Audiences whip out their phones as Singaporean Laura Lee – clad in a sparkly red frock that shows off her lean physique – begins singing and doing the salsa to Michael Buble’s “Sway.”
The 47-year-old – the youngest contestant among 17 women but already a grandmother of six – ended up sashaying her way to the crown.
The competition, which ended on 23 January, was her third beauty pageant and her second win.
At 44, Ms Lee – who had five grandchildren then – took part in her first pageant, Mrs Singapore, in which she emerged as the first runner-up. Later that year, she won the Mrs Tourism Queen International Pageant in Thailand.
The mother of three, who turns 48 in March, is also a successful entrepreneur behind a logistics business and five frozen food companies.

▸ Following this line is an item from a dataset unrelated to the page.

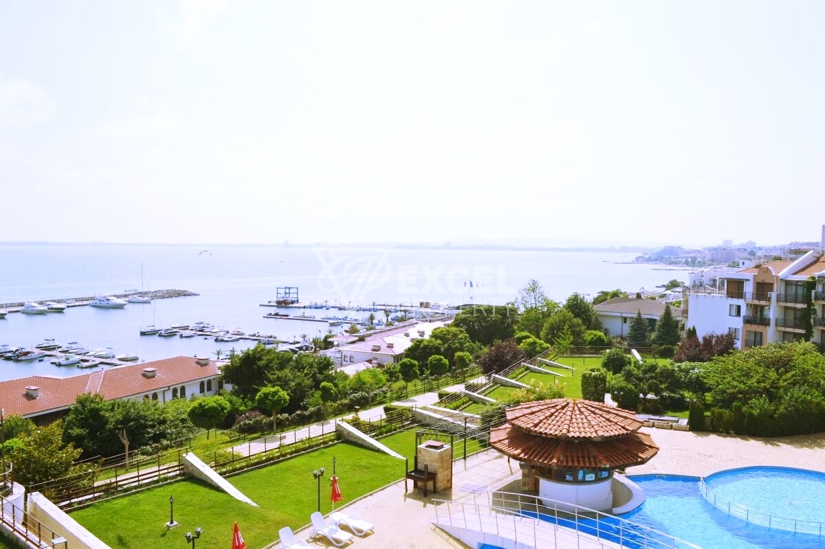 Ексел Пропърти предлага на Вашето внимание апартамент с две спални, намиращ се в уникалния комплекс Диамант- на метри от пристанището Марина Диневи, в популярния морски курорт Свети Влас. Имотът е разположен на 4-ти етаж. Разпределение на жилището: входно антре- тип коридор, две обособени спални, всяка от която има отделна баня с тоалетна, оборудвани с душ -кабина и бойлер, всяка от спалните е обзаведена с всичко необходимо за пълноценен престой, едната от стаите, се използва като детска стая или стая за гости. Спалните разполагат и с отделни тераси, предлагащи приятна гледка към Стара Планина, морския залив и частично към басейна на комплекса. Апартаментът разполага с просторна всекидневна, с кухненска част, трапезария и зона за спане с дивани. Кухнята е оборудвана с ел. котлон, хладилник, аспиратор, микровълнова, фурна и пералня, тостер и електрическа кана. Терасата е достатъчно широка, предлага страхотна гледка към пристанището и морето, както и към Стария град на Несебър. През летния период балконът се използва като зона за почивка. Комплексът се намира в Свети Влас, предлага изглед към морето, има ресторант, сезонен външен плувен басейн, бар, градина с алеи и казино, има и детска площадка, паркинг и охрана.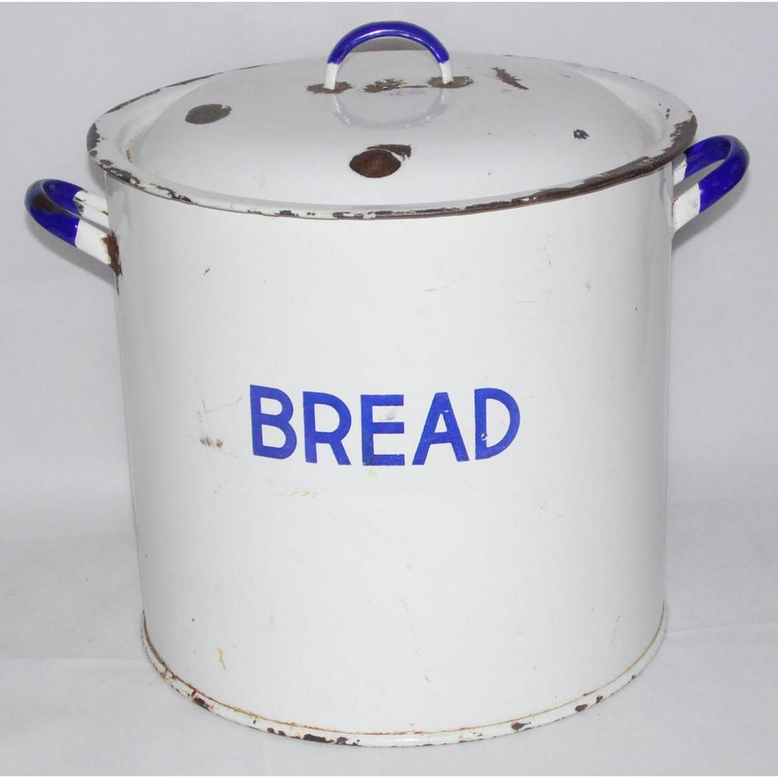 Vintage Blue and White Enamel Bread Bin

But life has not always been a bed of roses for Ms Lee, who first became a mother at 20 and a grandmother at 37. Her three children – Cheryl, Sean and Lester – are now 28, 27 and 24 respectively.
Money was scarce growing up. Her electrician father supported a family of six on a monthly salary of $1,500, while her mother, a housewife, looked after their four children.

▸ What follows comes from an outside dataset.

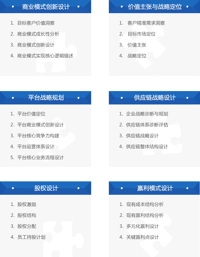 幫助企業(yè)發(fā)現(xiàn)消費者精準需求,實現(xiàn)目標(biāo)客戶精準定位,突破邊界,幫助企業(yè)整合資源,開放式創(chuàng)新,構(gòu)建多元化贏利模式與運營系統(tǒng),打造競爭壁壘,幫助企業(yè)打造實現(xiàn)持續(xù)贏利的系統(tǒng)。
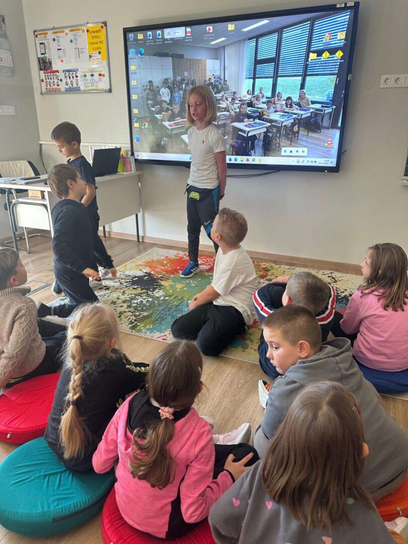 Osim učenika 1.b i 2.a, u radionici su sudjelovali i učenici iz 1.c i 2.b razreda sa svojom učiteljicom Marijanom Bagarić. Zajedno su pogledali kratki edukativni film “Danica i sovica dijabetičarka”, nakon čega je učenik 1.b razreda, Luka, svojim vršnjacima pojasnio što je dijabetes te im ispričao kako izgleda život s tom bolešću. Pokazao im je i postupak mjerenja šećera iz prsta.

By age 13, Ms Lee, the second youngest child, was giving English and mathematics tuition to Primary 1 pupils to earn pocket money. At 16, she worked as a sales assistant at a gifting company, selling flowers, hampers and trinkets when she was not in school.
“We never went hungry, but we were not able to afford any luxuries either. It made me want to be more capable, so I could provide my children with a better life,” she recounts to The Straits Times in a video call.